[Information provided Boundary: Start]
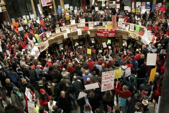 Los manifestantes acusan a los legisladores y en particular a los gobernadores, de aprovecharse de la crisis del presupuesto para destruir a los sindicatos, entre otras razones para eliminar su apoyo sistemático al Partido Demócrata durante los procesos eleccionarios.
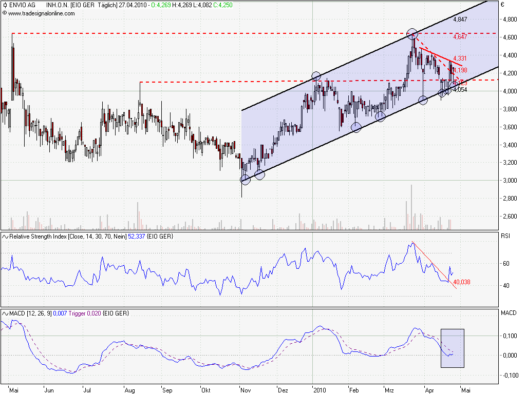 Wochenkerzen Envio Ich denke, dass die Zahlen am 27.05. erst der Aktie helfen werden aus dem dreieck auszubrech­en.
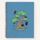 Tiny Ninjas in Bonsai Tree on Blue Notebook
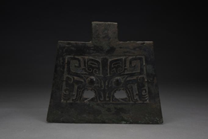 这件兽面纹青铜钺整体呈梯形,刃和阑部平直,阑内两侧各有一长方形穿,用来穿绳固定在长柄上。纹饰的四面共有11个连接点,铸造工艺精巧纯熟。
[Information provided Boundary: End]
__Activity__
Copy exactly the lines from the line holding "Wochenkerzen Envio Ich" to the final line of the listing, and leave the pictures out.

__Answer section__
 Wochenkerzen Envio Ich denke, dass die Zahlen am 27.05. erst der Aktie helfen werden aus dem dreieck auszubrech­en.
 Tiny Ninjas in Bonsai Tree on Blue Notebook
 这件兽面纹青铜钺整体呈梯形,刃和阑部平直,阑内两侧各有一长方形穿,用来穿绳固定在长柄上。纹饰的四面共有11个连接点,铸造工艺精巧纯熟。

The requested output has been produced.